By D. S. Taylor, T. Williams,
and J. E. Weatherbee
Computer Sciences Corporation
Field Service Division
Aerospace Systems Center
8300 S. Whitesburg Drive
Huntsville, Alabama 35802

October 6, 1972

Prepared for

NASA-GEORGE C. MARSHALL SPACE FLIGHT CENTER
Marshall Space Flight Center, Alabama 35812
This report presents the results of a study conducted with a digital simulation model being used in the design of the Automatically Reconfigurable Modular Multiprocessor System (ARMMS), a candidate computer system for future manned and unmanned space missions. The model simulates the activity involved as instructions are fetched from random access memory (RAM) for execution in one of the system central processing units (CPUs). Microprogrammed CPU's were assumed for this study and a series of model runs were made which measured instruction execution time under various assumptions pertaining to the CPU's and the interface between the CPU's and RAM. Design tradeoffs are presented in the following areas:

1) bus widths
2) CPU microprogram read only memory cycle time
3) multiple instruction fetch
4) instruction mix

Spaceborne Computer
Central Processing Unit
Configuration
Interface
Microprogram
Random Access Memory
Read Only Memory
Simulation

Mr. B. Hodges
Computer Systems & Simulation Division
MSFC/Computation Laboratory
Unclassified-Unlimited
# TABLE OF CONTENTS

<table>
<thead>
<tr>
<th>SECTION</th>
<th>Title</th>
<th>Page</th>
</tr>
</thead>
<tbody>
<tr>
<td>I</td>
<td>INTRODUCTION</td>
<td>1</td>
</tr>
<tr>
<td>II</td>
<td>SYSTEM CONFIGURATION ASSUMPTIONS</td>
<td>3</td>
</tr>
<tr>
<td></td>
<td>A. Memory-CPE Interface</td>
<td>3</td>
</tr>
<tr>
<td></td>
<td>B. Central Processing Units</td>
<td>3</td>
</tr>
<tr>
<td></td>
<td>C. Fetch Cycle</td>
<td>4</td>
</tr>
<tr>
<td>III</td>
<td>MEMORY INTERFACE SIMULATION MODEL</td>
<td>8</td>
</tr>
<tr>
<td></td>
<td>A. General</td>
<td>8</td>
</tr>
<tr>
<td></td>
<td>B. Baseline Interface Parameters</td>
<td>10</td>
</tr>
<tr>
<td>IV</td>
<td>CONFIGURATION TRADEOFFS</td>
<td>12</td>
</tr>
<tr>
<td></td>
<td>A. Bus Widths</td>
<td>12</td>
</tr>
<tr>
<td></td>
<td>B. MROM Execution Times</td>
<td>12</td>
</tr>
<tr>
<td></td>
<td>C. Multiple Instruction Fetch</td>
<td>12</td>
</tr>
<tr>
<td></td>
<td>D. Long/Short Instruction Execution Time and Instruction Mix</td>
<td>16</td>
</tr>
<tr>
<td>V</td>
<td>CONCLUSIONS</td>
<td>19</td>
</tr>
</tbody>
</table>
ACKNOWLEDGEMENT

The authors wish to acknowledge the project monitor, Mr. B. Hodges (S&E-COMP-S) for technical contributions and liaison work with Astrionics Laboratory and also his helpful discussions throughout the duration of this project.

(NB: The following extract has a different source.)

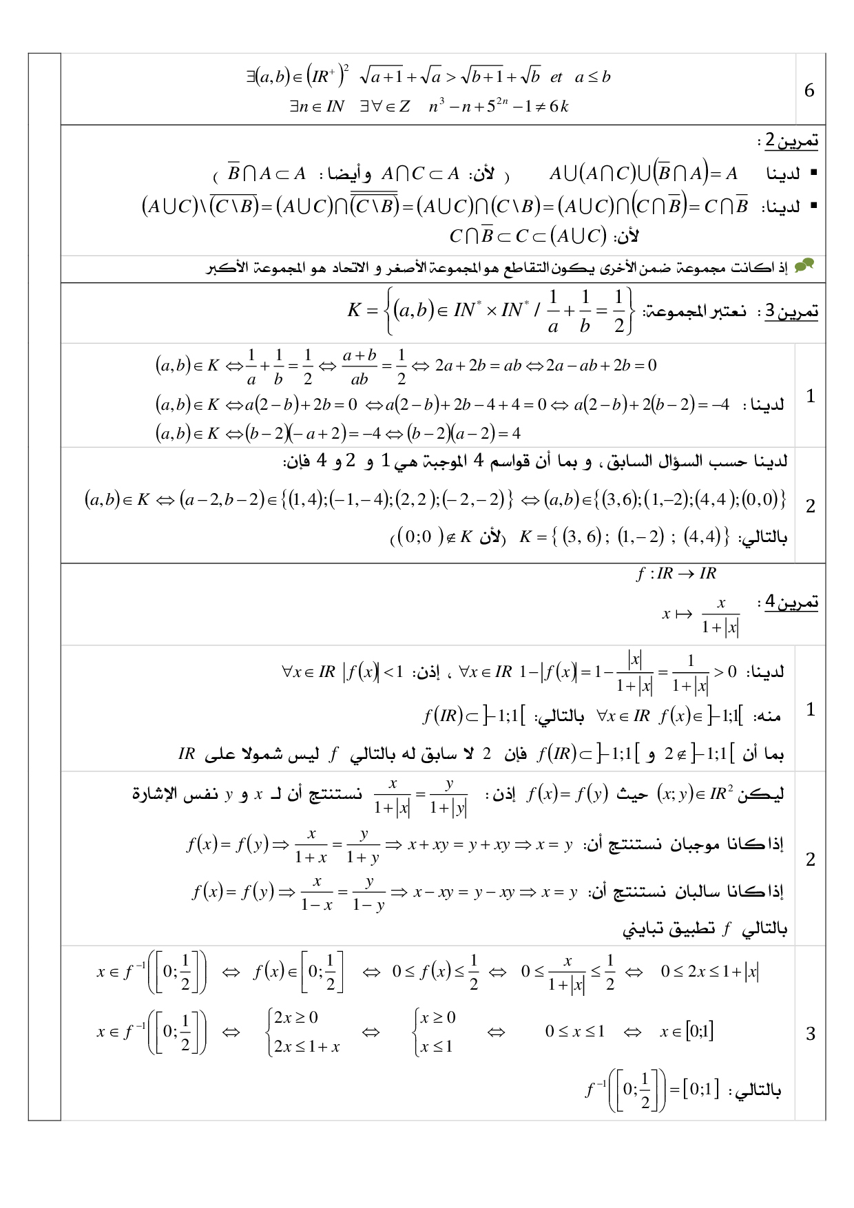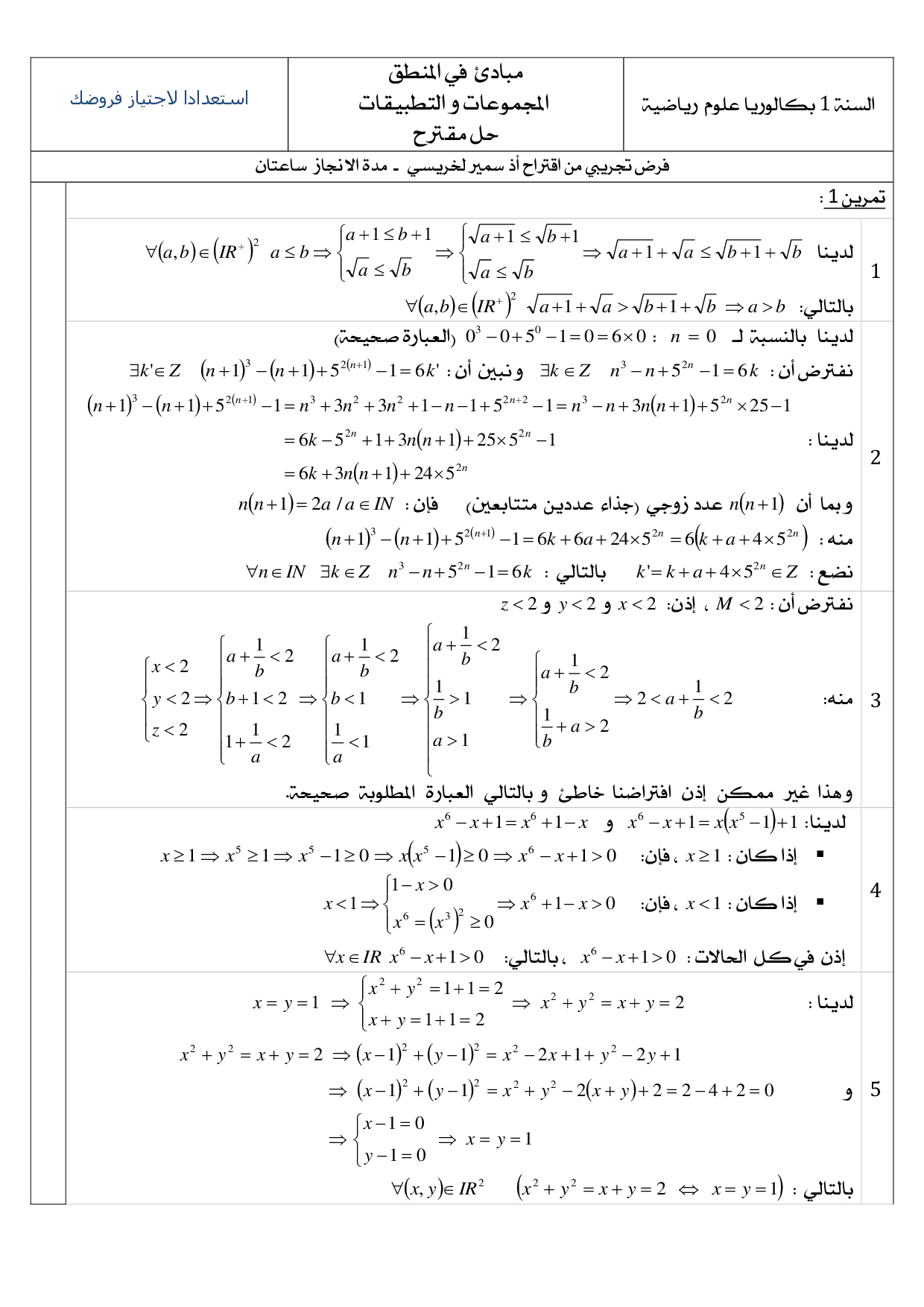 الفرض 1 نموذج 2 - الرياضيات أولى باك علوم رياضية الدورة الأولى (التصحيح)

Thanks is also due to Dr. J.B. White (S&E-ASTR-CA) for his continued cooperation and encouragement during the course of this work.
SUMMARY

The Astronics Laboratory of the Marshall Space Flight Center, Huntsville, Alabama, is currently designing a spaceborne computer system, the Automatically Reconfigurable Modular Multiprocessor System (ARMMS). This report presents the results of a study conducted with a digital simulation model being used in the ARMMS design. The model simulates the activity involved as instructions are fetched from random access memory (RAM) for execution in one of the system central processing units (CPU's).

The time required for the execution of an instruction is a function not only of the internal speed of the CPU and the memory cycle time but also the design of the Memory-Processor interface and the amount of interference produced at this interface when more than one CPU attempts to access the same memory bank in RAM. Simulation of the instruction execution activity allows all of these factors to be considered while measuring the effective execution time under various design assumptions.

In this study the basic ARMMS configuration was assumed to consist of a number of microprogrammable CPU's connected to a number of banks of RAM by two sets of one-way busses; one bus set used to transmit memory addresses from the CPU's to RAM and the other used to return instructions and data from RAM to the CPU's. Design tradeoffs are presented in the following areas:

1) bus widths
2) CPU microprogram read only memory cycle time
3) multiple instruction fetch
4) instruction mix
SECTION I. INTRODUCTION

As the duration and complexity of space missions increase, the requirements placed on the onboard digital computing equipment also increase. Future missions, such as the earth-orbiting space station and astronomical space observatory will be measured in years instead of days. Onboard computing tasks are being expanded to include resource management and experimental data processing. These requirements make it imperative that spaceborne computers in the late 1970's and 1980's be characterized by both high reliability and high computing capacity. The Astrionics Laboratory of the Marshall Space Flight Center, Huntsville, Alabama, is currently designing a spaceborne computer system, the Automatically Reconfigurable Modular Multiprocessor System (ARMMS), which can satisfy both of these requirements [1].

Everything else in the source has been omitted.